BOND: But surely one letter must have come some day and you said, "Hey, this is something."

COLE: Well, it wasn't a letter that came in quite that way. It was pretty dramatic in the sense that I had gone to Brazil, and had agreed, willingly, to go for a divination -- anthropologists can't resist these opportunities. And ended up in a room where Maruca "read" my life and told me that I would shortly change my career. I said "This woman has got to be meshugganah. I'm a professor. I'm going back to Hunter. I like my work." She also told me that I would shortly remarry. Then I knew she was off. That was not an institution that I intended to be engaged in again.

I returned -- oh, she also said -- she was a black Brazilian woman, holding her hand to her other hand she also said " -- and you will do great things for our people. And you will do work that women in your country rarely do." So I thought "Well, this has been interesting, but come on."

I leave Brazil, São Paulo, actually went into Bahia and then back to Hunter, when I walked into my office my desk was filled with little notes saying "call Donna Shalala" about the presidency of Spelman. Donna at that moment was the president of Hunter. "Call Marian Wright Edelman about the presidency at Spelman." So I thought, "Why do I have all these notes?" Well, when I began to return the phone calls it was clear that I was being asked to consider being a candidate for the presidency of Spelman.

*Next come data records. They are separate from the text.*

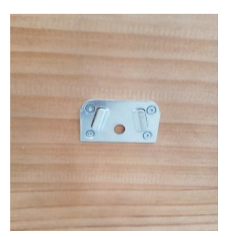
Centre Rail Bracket
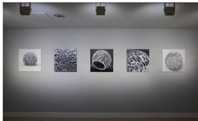
A photomontage of medical images Hadzi-Vasileva collected during the research process opens the show, which prepares visitors for a candid video installation of individuals frankly discussing their experiences with digestive diseases. Pictured: installation view
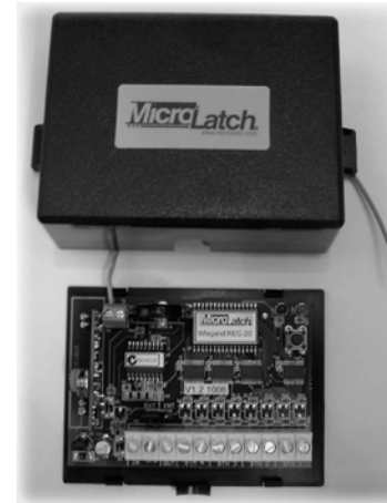
Standard Version ( Indoor ) REC-20
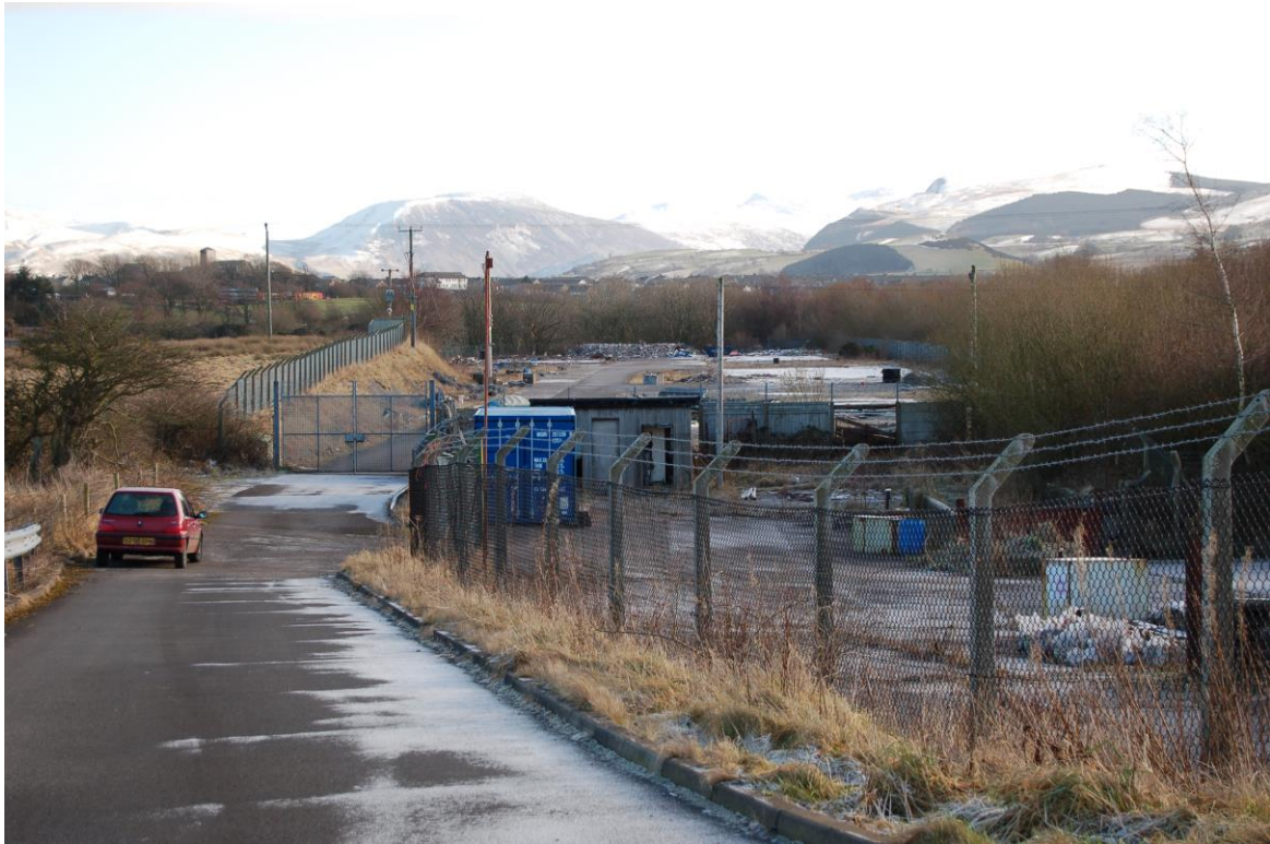
Plate 13 Station Yard, Moor Row, Cleator Moor, Cumbria General view of the site from the west taken from just to the north of the road bridge.
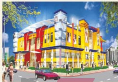
Angel Prime Mall - Panipat
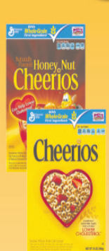
General Mills Original, Honey Nut or Multigrain Cheerios 12-15.5 oz Package
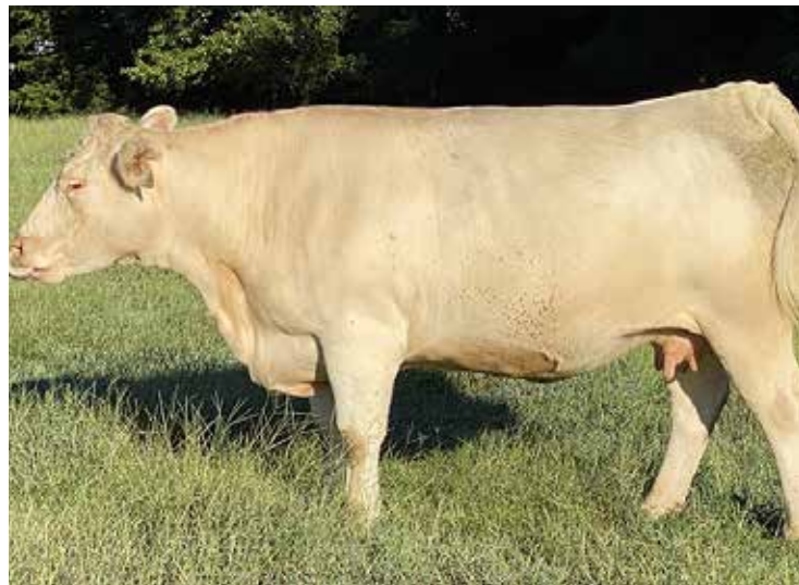
RHC MS PRINCESS DAISY 14A Sells as Lot 70

DUE anytime to TR Mr Outsider 7607E, M894574, a son of M&M Outsider 4003. PE from 12/13/20 to 3/20/21. This broody cow represents Ledger well with her smooth conformation, length, and skeletal correctness. She ranks in the top 30% for calving ease, 35% YW, 25% CW, 25% Marbling, and 35% TSI for breed EPD comparisons. You also have some of the top female in the breed listed in pedigree, like LT Brenda 6120, DS Perfect Bell 851ETPLD, and PJ Lady Gridmaker 511.

The rest is "herstory". Except -- that I need you to know that, before I began the presidency, I had one more trip to Brazil that I had to take. It was a promise that I had made to take Betty Forbes, who you may know is married to James Forbes of Riverside Church --

BOND: Right.

COLE: -- to take Betty and the Ecumenical -- Ebony Ecumenical choir to Rio. So I did. And I had a window about like this. And I got on a plane and I flew to Sao Paulo and I went right back to the home of Maruca. And I'm getting out of the car screaming "Maruca, Maruca, wait 'til I tell you about the presidency of Spelman!" because I had been appointed -- and she just said "Shhh -- I know."

Now do with that as you will. I can only tell you that I did not consciously think I want to be a college president. And when the presidency of Spelman was at least a possibility for me, it was not a college presidency that I was interested in. I was interested in Spelman.